Only one stretch of the data below is needed. Output the lines from the one with "Illustration of a" up to and including the one with "The village of", exactly as they stand.

--- Source data Enclosed Below ---

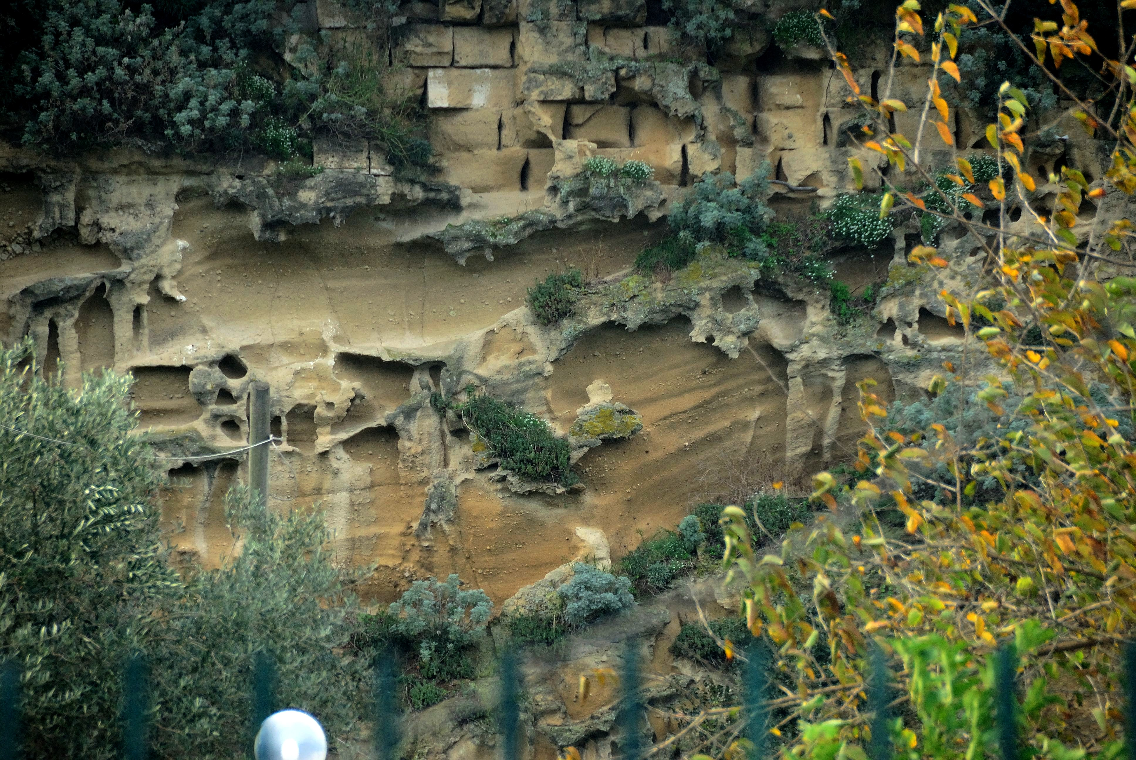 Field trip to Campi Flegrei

--- End of Enclosed Source data ---
--- Source data Enclosed Below ---

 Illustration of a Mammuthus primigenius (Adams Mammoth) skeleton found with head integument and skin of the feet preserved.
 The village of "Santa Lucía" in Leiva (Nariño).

--- End of Enclosed Source data ---
--- Source data Enclosed Below ---

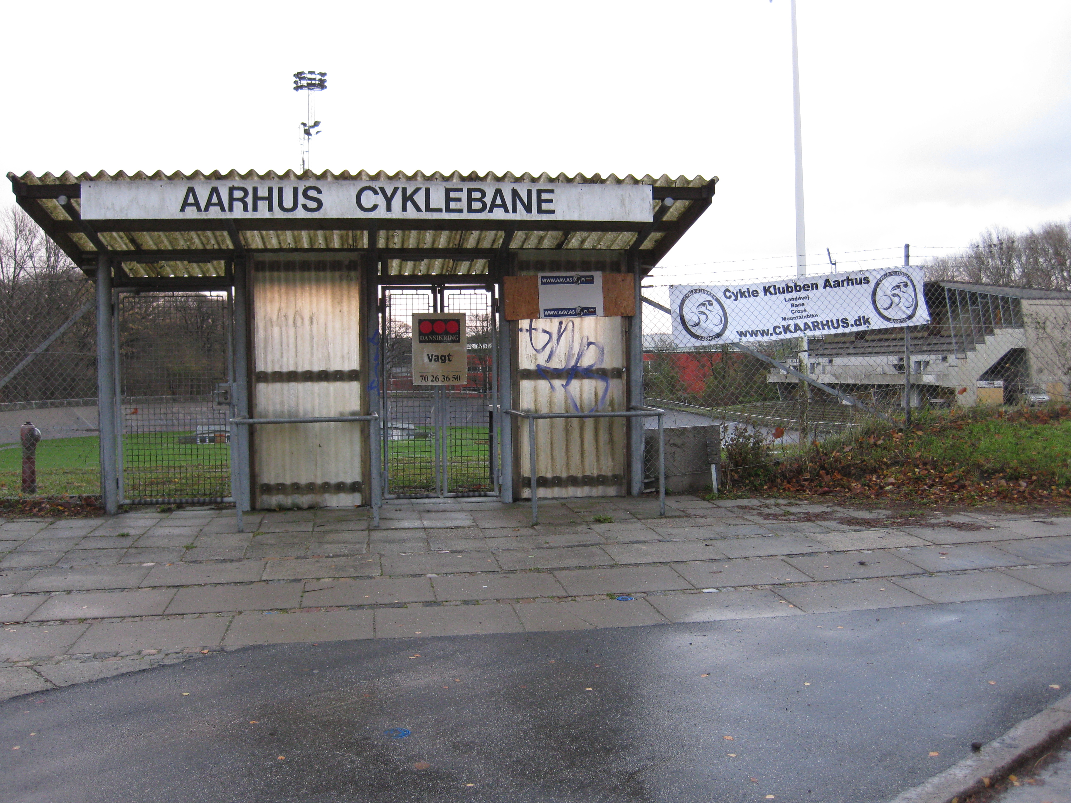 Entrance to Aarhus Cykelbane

--- End of Enclosed Source data ---

### Solution to this problem
 Illustration of a Mammuthus primigenius (Adams Mammoth) skeleton found with head integument and skin of the feet preserved.
 The village of "Santa Lucía" in Leiva (Nariño).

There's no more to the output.